Ken Burns: All of a sudden everything became heightened and something was revealed. Oh, my goodness.
Éliane Radigue: You can guess where you are, but maybe you are no longer in the preceding tonality.
Burns: I am, of course, slicing and dicing it up.
Radigue: This was in 1955-57.
Burns: You bet. 150 versions.
•••
Radigue: I told him that horizontal, slightly sloped sliders in particular are easier to work on for many hours.
Burns: He's written a brilliant script. But everybody tells me that.
Radigue: Of course we all knew how to use tape recorders.
Burns: It just requires so much concentration and hearing.
Radigue: I remember coming back at night and enjoying the changing sights, the subways, and the metallic sculptures at Times Square station.
•••
Burns: Sometimes it’s just really having mental ideas and then suddenly something emotional drops down from your head to your heart, and you say, “Yeah.” Tens of thousands of them.

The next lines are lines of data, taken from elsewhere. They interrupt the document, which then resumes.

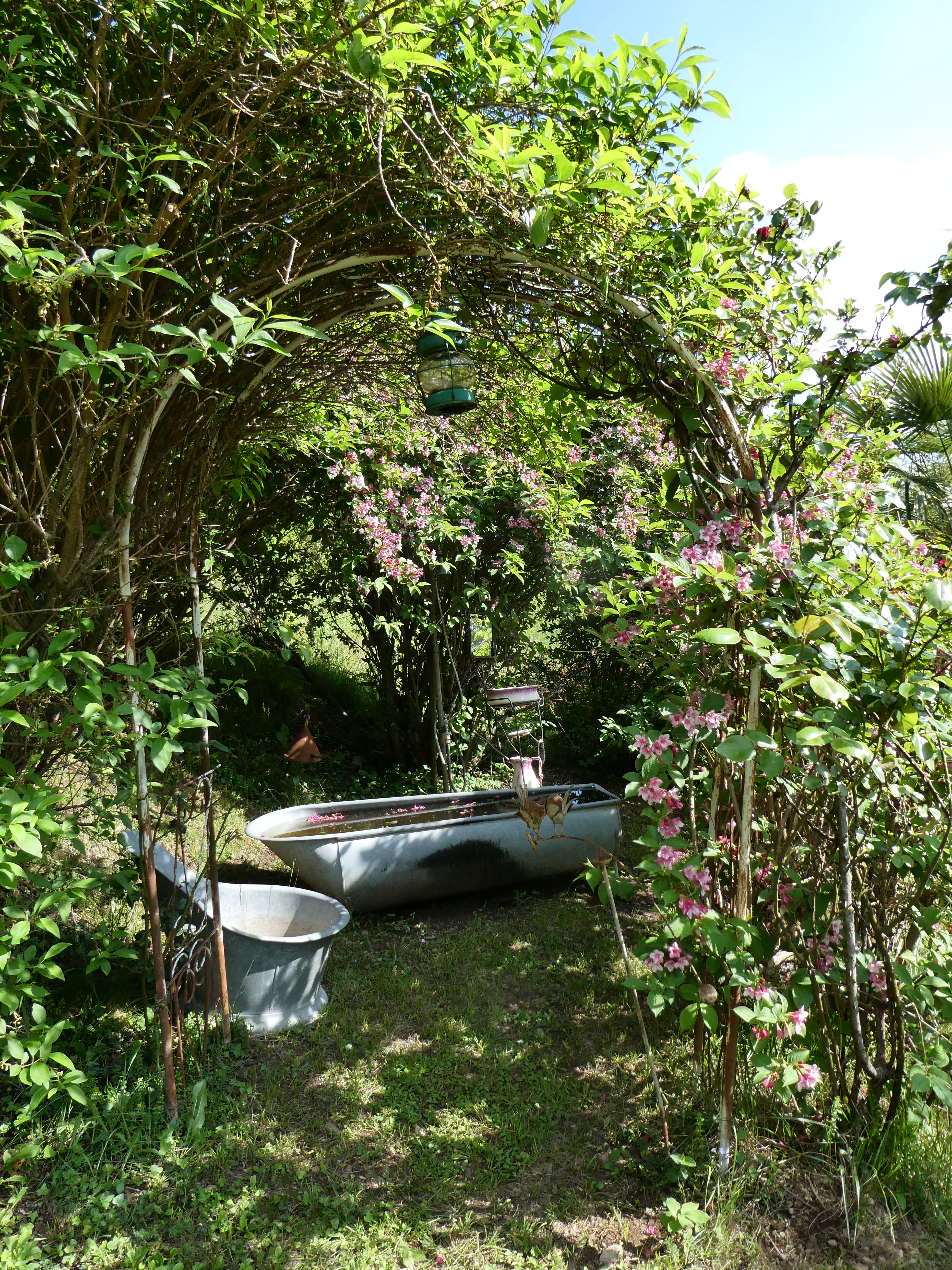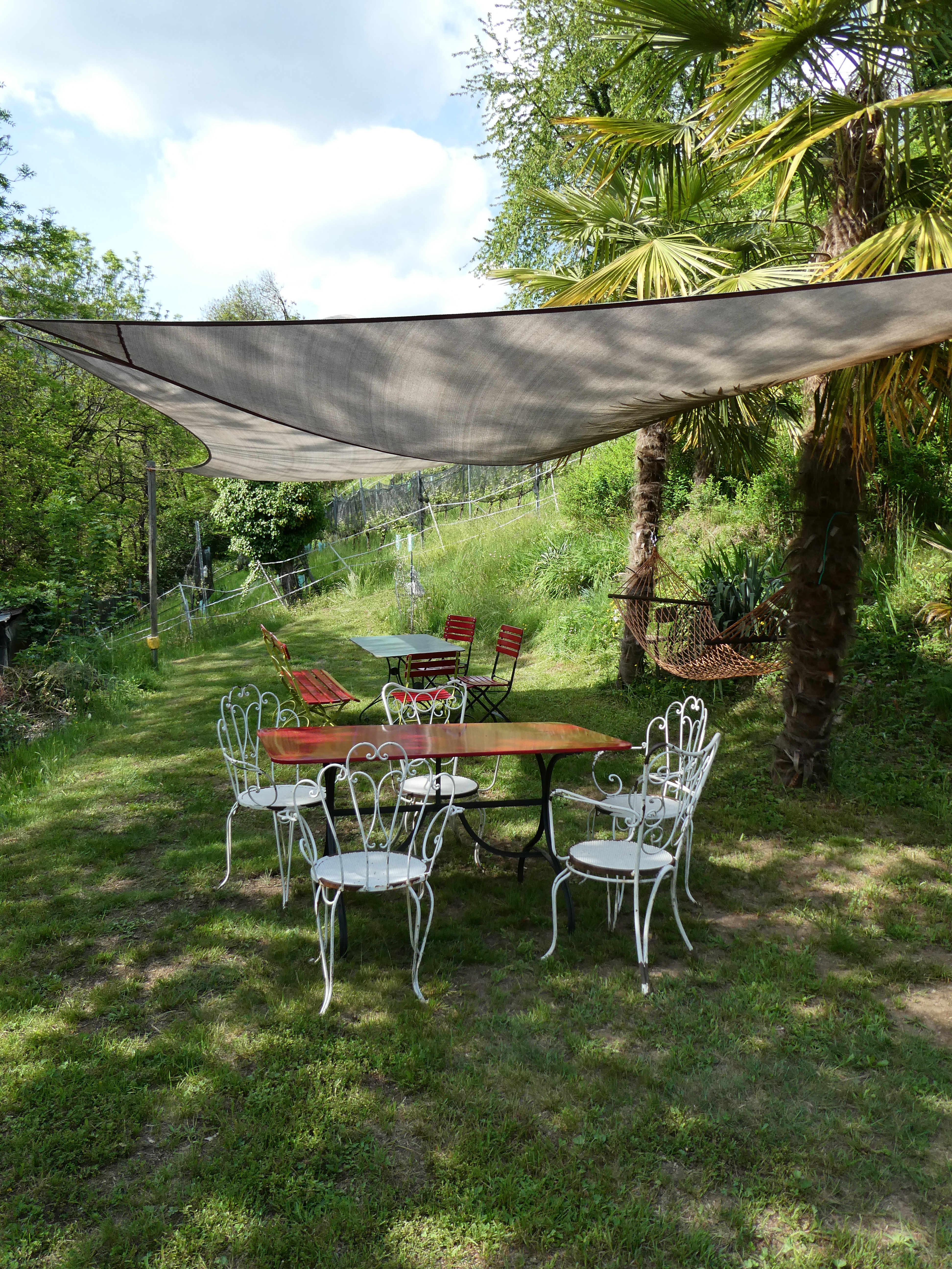 Unser gemeinsam genutzter Garten ausserhalb des Dorfes (10 min zu Fuss) ist eine besondere Oase und bietet verschiedene Möglichkeiten: sonnbaden, grillieren oder kochen in der Kioskküche, Rückzug in die Baumhütte, spielen im Wald, Plausch in der Badewanne ( kalt oder mit etwas Geschick vom Feuer erwärmt). Je nach Saison besteht die Möglichkeit Gemüse vom Garten zu kaufen.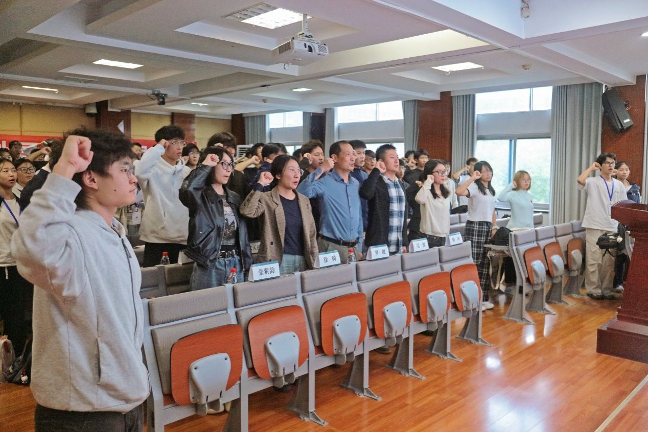 运动员代表岳银鹏带领全体运动员宣誓。青春无畏,逐梦扬威。相信经过系统科学的训练,外院全体运动员能够在赛场上勇往直前,展现活力风采。让我们期待外院运动员们在后续赛事中的精彩表现!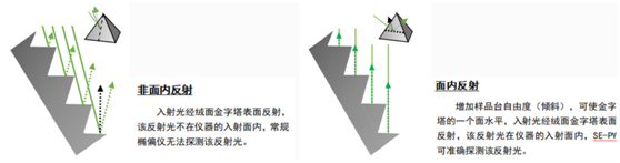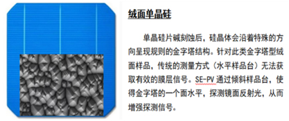 SE-PV獨(dú)特的設(shè)計(jì)可以滿足絨面基底上薄膜的量測需求,如下圖所示的樣品,絨面及其表面增透膜層的設(shè)計(jì)都是為了降低電池片表面對太陽光的反射,這使得探測信號變?nèi)酰蟠笤黾恿斯鈱W(xué)測量難度。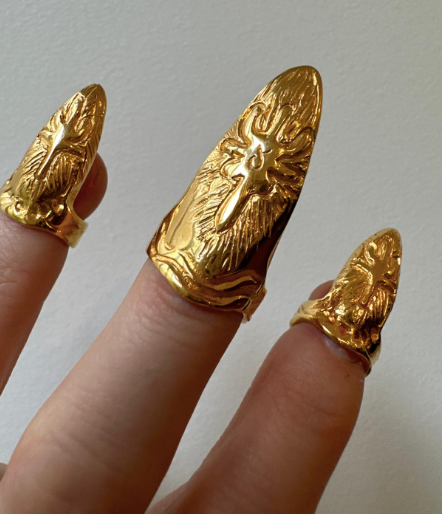 Hand carved Venus Shell inspired Nail Guard Rings, to be worn as decoration and armour in two sizes, Small and Large - the rings are adjustable when worn to fit to your finger.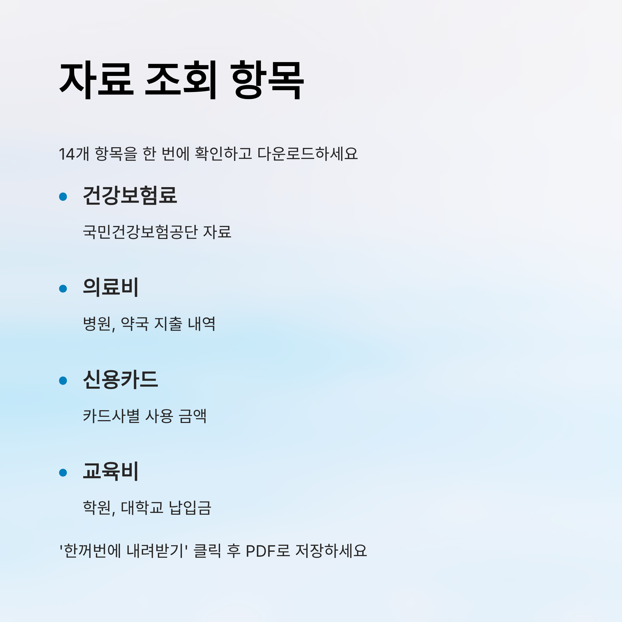 - (건강보험, 의료비, 신용카드, 교육비 등)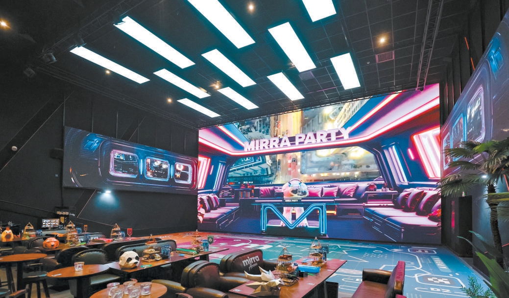 耀莱成龙影城五棵松店Mirra奇镜派对融合厅里,电影、游戏、演出、餐饮集于一体。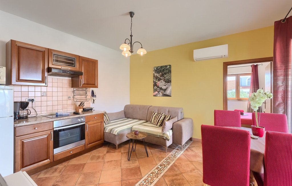 Le deuxième appartement au premier étage dispose de trois chambres à coucher (deux lits doubles et un lit superposé). Il offre également une kitchenette, un coin repas pour quatre personnes et un balcon avec une table et des chaises pour quatre personnes.
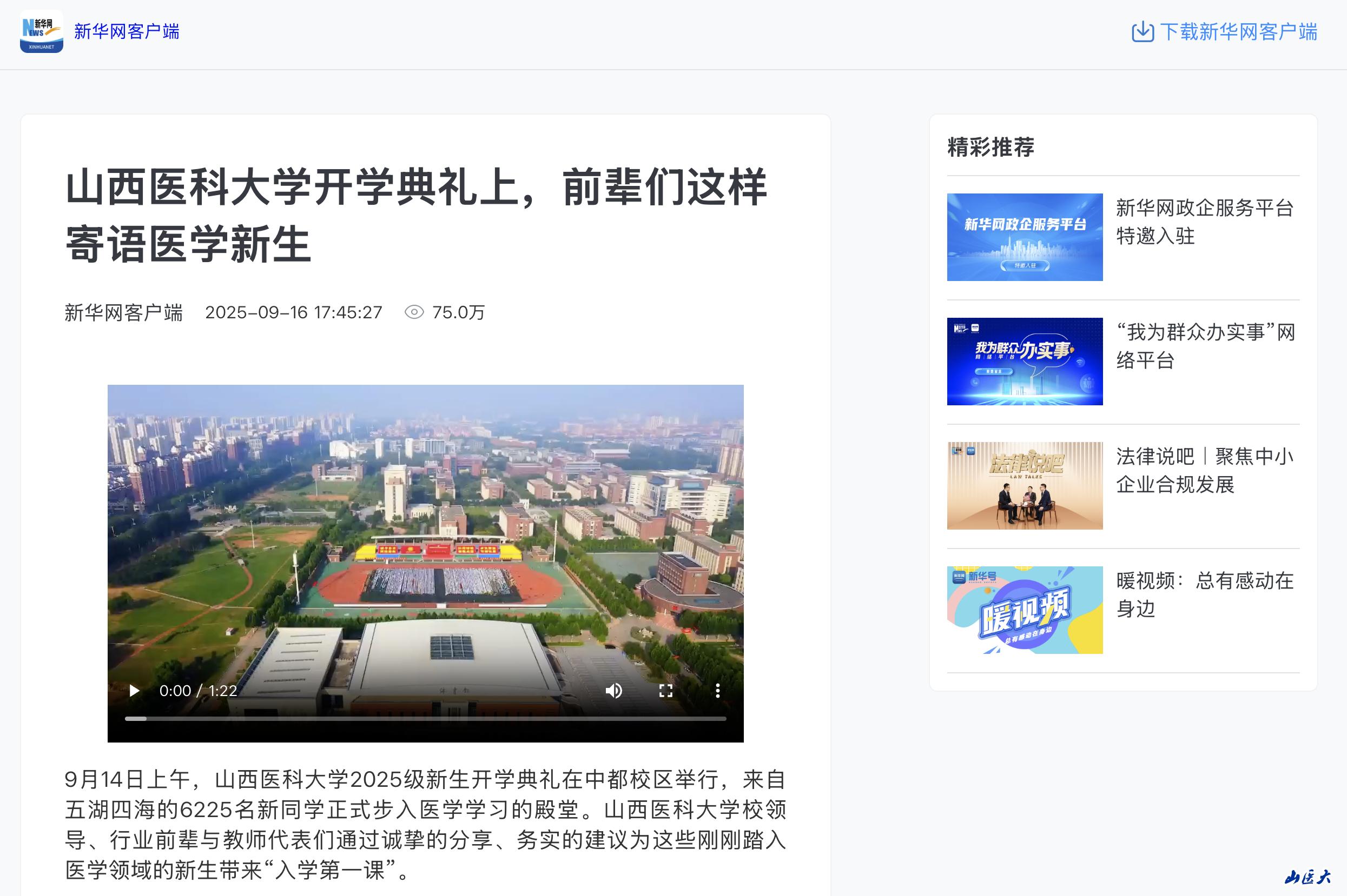 9月14日上午,我校2025级新生开学典礼在中都校区风雨操场举行。来自五湖四海的6225名新同学汇聚山医,展现蓬勃朝气,昂扬青春自信,共同迎接学业生涯的新起点。晋中市政府副市长张拥军,清华大学长聘教授、基础医学院院长李海涛,华大集团相关专家,我校党委书记王军,校长解军,校党委副书记彭月兰,省纪委监委驻校纪检监察组组长、校党委常委杨文斌,副校长张岩波,校党委常委、副校长焦向英、武志芳,第二临床医学院党委书记...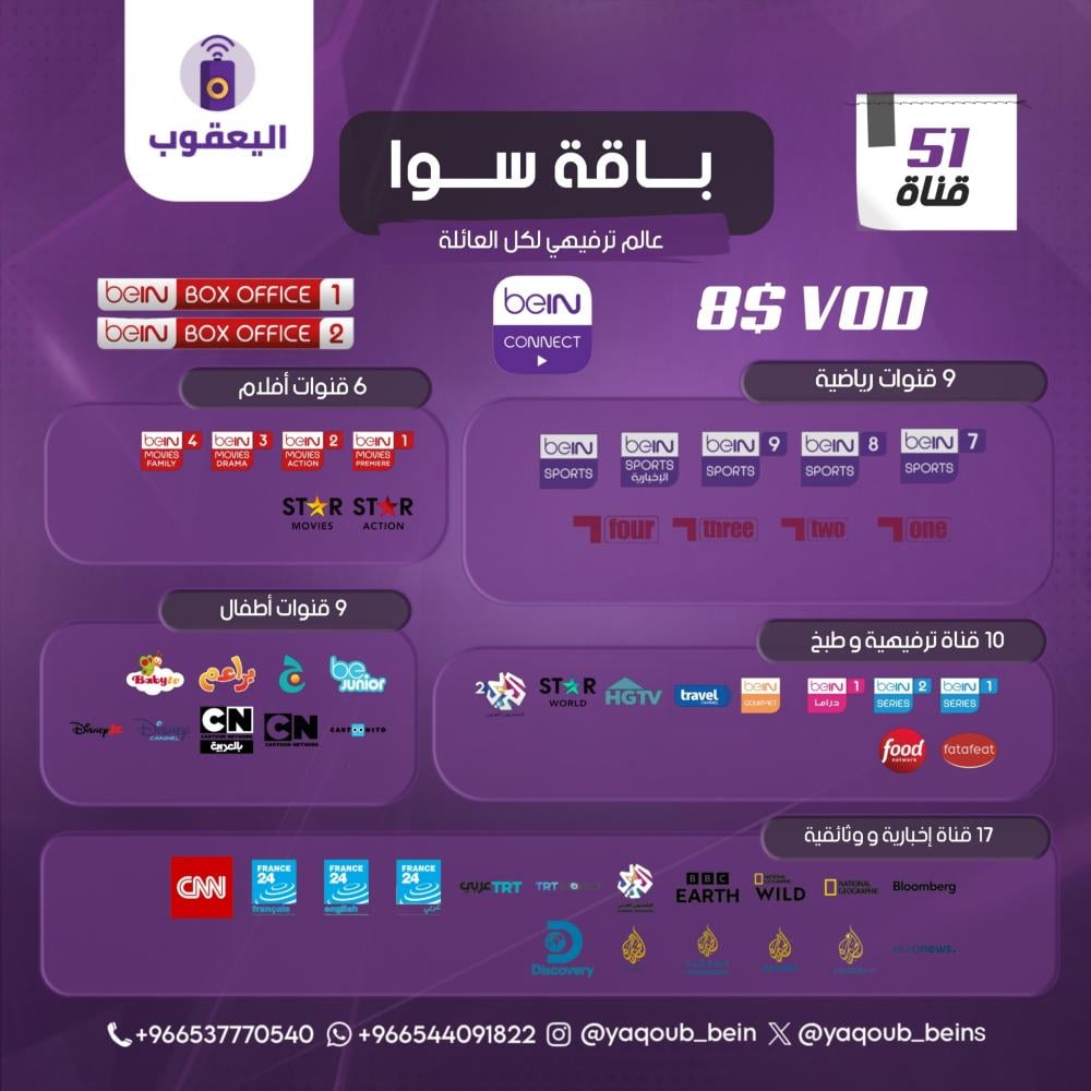 ✅ كما تحصل على رصيد بقيمة 8$ شهرياً لاستخدام خاصية الأفلام حسب الطلب على beIN BOX OFFICE.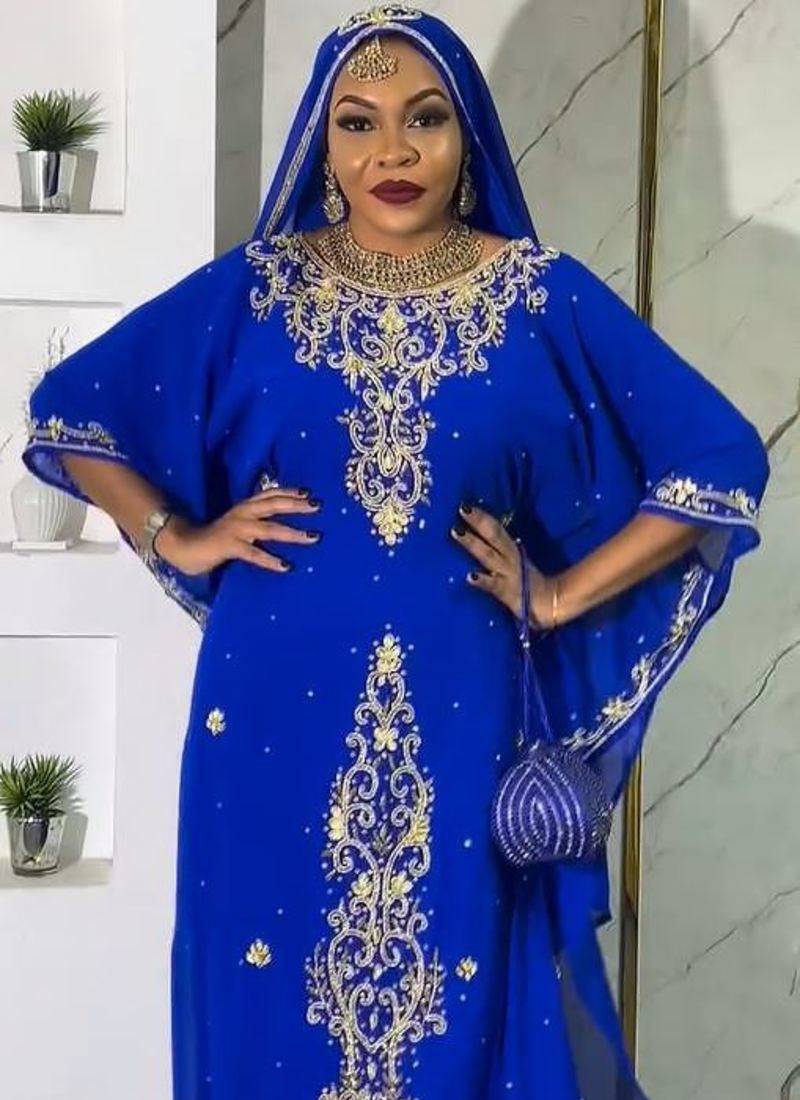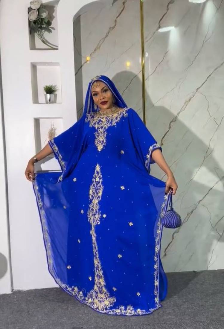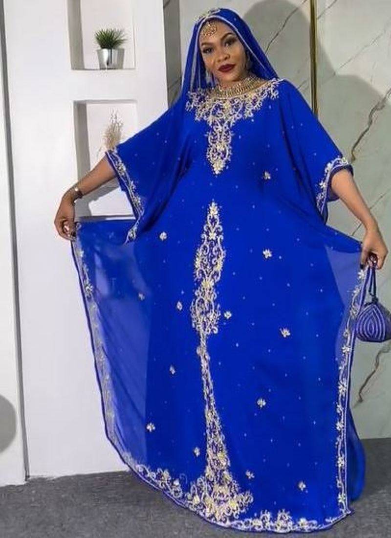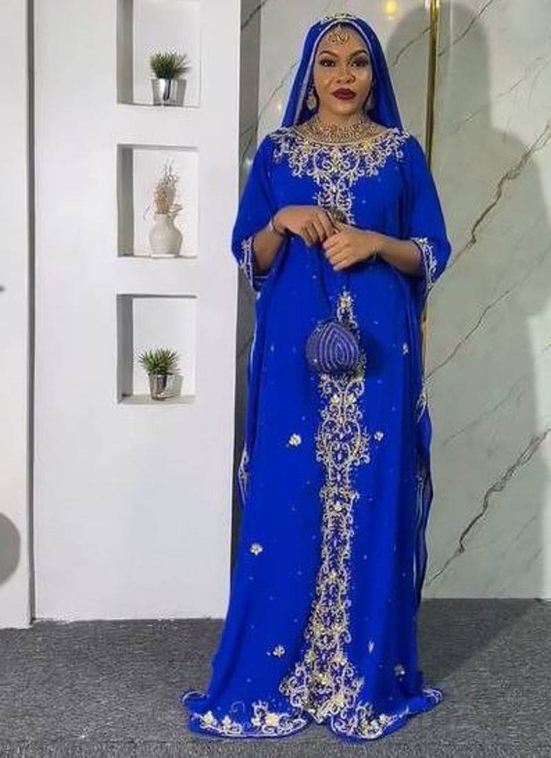 | Product Description | New Blue Aari Embroidered Abaya With Gold Detailed Work For Women's |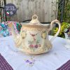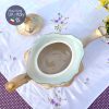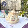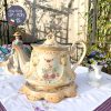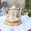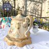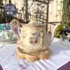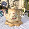 Ấm cổ hoa hồng dải men ngà kèm chân kê

Radigue: By accident, I discovered that you could slightly change the sound by putting one finger very lightly on a knob on the recording system. But life was too tough and I missed Paris.
Burns: I worked in a record store, and so by that time, because the Beatles were no more, I was a Stones fan and I liked a lot of R&B—still do a lot—and soul music.
Radigue: I remember one of those concerts, which took place in a swimming pool.
Burns: That's not the way things ever work.